NAN: Have you had an experience where it hasn’t been a good fit? If so, what did you do?
DIANA: I was working with one family at a very discounted rate because they had three kids. I wasn’t feeling good when I was going there. I was stressed out. I think I was making a difference in one of the child’s lives, but the parent wasn’t into it. She wanted the best deal and she didn’t see it as an investment for her child. It became babysitting services.
And sometimes it wasn’t great because the child wasn’t emotionally ready for it. There were times I had to send him home because he was so distraught. I had to put on that “social worker hat.” I learned a lot from that experience. I developed better strategies to use—again, making sure it’s the right fit. And I actually raised my prices August 1. It took me a long time to do that.
NAN: Trying to get the parent on board has got to be challenging.
DIANA: Right. The parents are tough. The biggest thing is calling 24 hours before canceling an appointment. I created a contract, which was tricky. You have parents who buy in, it’s every week and they are going to be there. And then some parents push the limits.
I think raising my prices was good, so parents became more respectful. Yes, it’s a lot of money, but it’s a good investment because it’s for their children’s education, so parents were taking it more seriously.
NAN: Any other startup challenges?
DIANA: I made some mistakes with marketing in the beginning. I spent over $1,000 on a mailer. I think it was a bad decision and I was pretty upset about it.
It was one of those mistakes you make once and you’re not going to make it again. But they’re expensive mistakes. Since then, I’ve worked with the business coach, I also go to the library for different resources, and I try to go to workshops try to learn marketing techniques.
NAN: At what point did you realize you needed to bring in a business coach?
DIANA: Probably after the mailer. After the mailer was when I decided to hire someone. I found her on Facebook in one of the business groups.
NAN: Do you have any other advice for other aspiring business owners?

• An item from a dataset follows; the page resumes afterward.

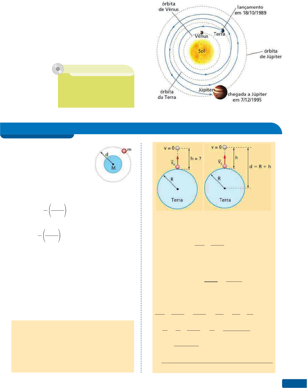 Gravitação 485 O efeito estilingue Quando uma nave espacial é enviada a um planeta mui- to distante, em vez de ir diretamente ao planeta ela con- torna algumas vezes planetas intermediários. Por exemplo, a nave exploratória Galileu, lançada em outubro de 1989, com destino a Júpiter, descreveu a trajetória indicada na fi gura 33, contornando uma vez o planeta Vênus e duas vezes a Terra, antes de se dirigir a Júpiter. A cada vez que a sonda contornou um planeta ela ganhou energia e, assim, economizou combustível. PrOCUre nO Cd Veja, no CD, mais detalhes de como ocorre o efeito estilingue. Figura 33. exercícios de Aplicação 53. Um satélite de massa m gira em torno de um planeta esférico e homogêneo de massa M, com órbita circular de raio d. a) Qual é a energia potencial do satélite? b) Mostre que a energia cinética do satélite é dada por E C = 1 2 GMm d . c) Mostre que a energia mecânica do satélite é E = – 1 2 GMm d . 54. Um satélite artificial de massa m = 500 kg gira em torno da Terra, com órbita circular de raio 8 · 106 m. São dados: massa da Terra = 6 · 1024 kg; raio da Terra = 6,4 · 106 m e G = 6,7 · 10–11 (SI). Calcule: a) a energia potencial do satélite; b) a energia cinética do satélite; c) a energia mecânica do satélite. 55. Um projétil é lançado verticalmente a partir de um ponto da superfície da Terra, com velocidade inicial de módulo v 0 = 6,5 · 103 m/s. Qual é a altura máxima h atingida pelo projétil? São dados: raio da Terra = 6,4 · 106 m; massa da Terra = 6,0 · 1024 kg. Resolu•‹o: Sendo M a massa da Terra e m a massa do projétil, a energia mecânica inicial do projétil é: E i = E Ci + E Pi = mv2 0 2 – GMm R No ponto mais alto a velocidade do projétil será nula; portanto, nesse ponto só haverá energia potencial: E f = E Cf + E Pf = 0 – GMm d = –GMm d Como a energia mecânica é constante, devemos ter E i = E f : mv2 0 2 – GMm R = GMm d ⇒ GM d = GM R – v2 0 2 ⇒ ⇒ 1 d = 1 R – v2 0 2GM ⇒ 1 d = 2GM – Rv2 0 2GMR ⇒ ⇒ d = 2GMR 2GM – Rv2 0 = = 2(6,7 · 10–11)(6,0 · 1024)(6,4 · 106) 2(6,7 · 10–11)(6,0 · 1024) – (6,4 · 106)(6,5 · 103)2 IL U ST r A ç õ ES : C O N C EI TO G r A f Capítulo 24486 Terra = 6 · 1024 kg; raio da Terra = 6,4 · 106 m e G = 6,7 · 10–11 (SI). 57. Calcule a velocidade de escape do planeta Terra sabendo que sua massa é 5,98 · 1024 kg, seu raio médio é 6,38 · 106 m e G = 6,67 · 10–11 N · m2/kg2. 58. A velocidade de escape da Terra é 11,2 km/s. Calcule o valor aproximado da velocidade de esca- pe do planeta Urano, sabendo que sua massa é 15 vezes maior que a massa da Terra e o seu raio é 4 vezes maior que o raio da Terra. d ≅ 9,6 · 106 m h = d – R ≅ (9,6 · 106 m) – (6,4 · 106 m) h ≅ 3,2 · 106 m = 3 200 km 56. Um projétil é lançado vertical- mente para cima a partir de um ponto próximo à superfície da Terra, com velocidade inicial v 0 = 7 · 103 m/s. Calcule a altura máxima atingida pelo projétil. São dados: massa da exercícios de reforço 59. (UF-GO) Um satélite de massa 450 kg orbita em torno da Terra, numa trajetória circular de raio r conforme a figura.conforme a figura. a) Determine a altura, h, da órbita do satélite sabendo-se que, nessa órbita, g' = 4 9 g, sendo g a gravidade na superfície da Terra. b) Determine a energia cinética do satélite nessa órbita. c) Determine a energia mecânica total do satéli- te, adotando-se referencial no infinito. 60. Sabendo que a velocidade de escape de um corpo lançado de um dos polos da Terra (desprezando a resistência do ar) é 11,2 km/s e que a aceleração da gravidade ao nível do mar, no mesmo local, vale aproximadamente 9,83 m/s2, determine: (Dados: G = 6,67 · 10–11 N · m2 · kg–2; M = 6,0 · 1024 kg e R = 6,4 · 103 km.) a) a velocidade de escape no planeta Marte, cuja massa e raio valem, respectivamente, 0,11 M e 0,55 R, onde M e R são, respectivamente, a massa e o raio da Terra; b) a aceleração da gravidade nos polos do plane- ta Marte. 61. (UE-PA) Os planetas do Sistema Solar, em seu movimento ao redor do Sol, obedecem às leis de Kepler. Eles percorrem órbitas elípticas nas quais o Sol está em um dos focos. O ponto da órbita mais distante do Sol é chamado de afélio (A) e o ponto mais próximo é chamado de periélio (P). Essas características estão ilustradas na figura abaixo. Analise as afirmativas abaixo sobre o movimento dos planetas ao redor do Sol. I. Se existisse um planeta com o raio médio de sua órbita igual a duas vezes a distância média da Terra ao Sol, o período de revolução desse planeta seria de dois anos. II. No afélio, a energia potencial do sistema é máxima, e parte dela se converte em energia cinética até o periélio. III. A quantidade de movimento de um planeta é maior no periélio do que no afélio. IV. O trabalho realizado sobre um planeta pela força gravitacional, durante uma órbita com- pleta, é nulo. Estão corretas somente as afirmativas: a) I, II e IV b) I e III c) I e IV d) II e III e) II, III e IV IL U ST r A ç õ ES : C O N C EI TO G r A f Gravitação 487 7. Marés Um fato que qualquer pessoa que viva à beira-mar pode perceber facilmente é que as águas do mar têm um movimento periódico de “sobe e desce”: são as marés. Na fi- gura 34a temos a foto da maré baixa em uma praia e na 34b temos a foto da maré alta. Na média, a diferença de nível entre as marés é da ordem de 1 metro. mas há locais da Terra em que essa diferença chega a 15 metros, como na praia de moreré, Bahia. O que ocasiona essa movimentação das águas? Figura 34. Praia de Moreré, Bahia. (a) Maré baixa e (b) maré alta. ZI G k O C H /N A TU r EZ A B r A SI LE Ir A ZI G k O C H /N A TU r EZ A B r A SI LE Ir A PrOCUre nO Cd No CD apresentamos, com detalhes, a explicação sobre o movimento das marés. Figura 36. Figura 35. (a) (b)Antes de Newton publicar sua obra, alguns cientistas já suspeitavam que as marés s

DIANA: Like I said, I want to go slowly. I don’t want to make the business too big. What makes us different is our passion and creating the time to develop positive relationships and hire the right people. They can either make or break your name.
Word of mouth is your best marketing tool. If people are happy and they know they can trust you, they will hire you. So that’s my biggest thing, I don’t want the business to spiral out of control. I want to go very slowly, so I do it right.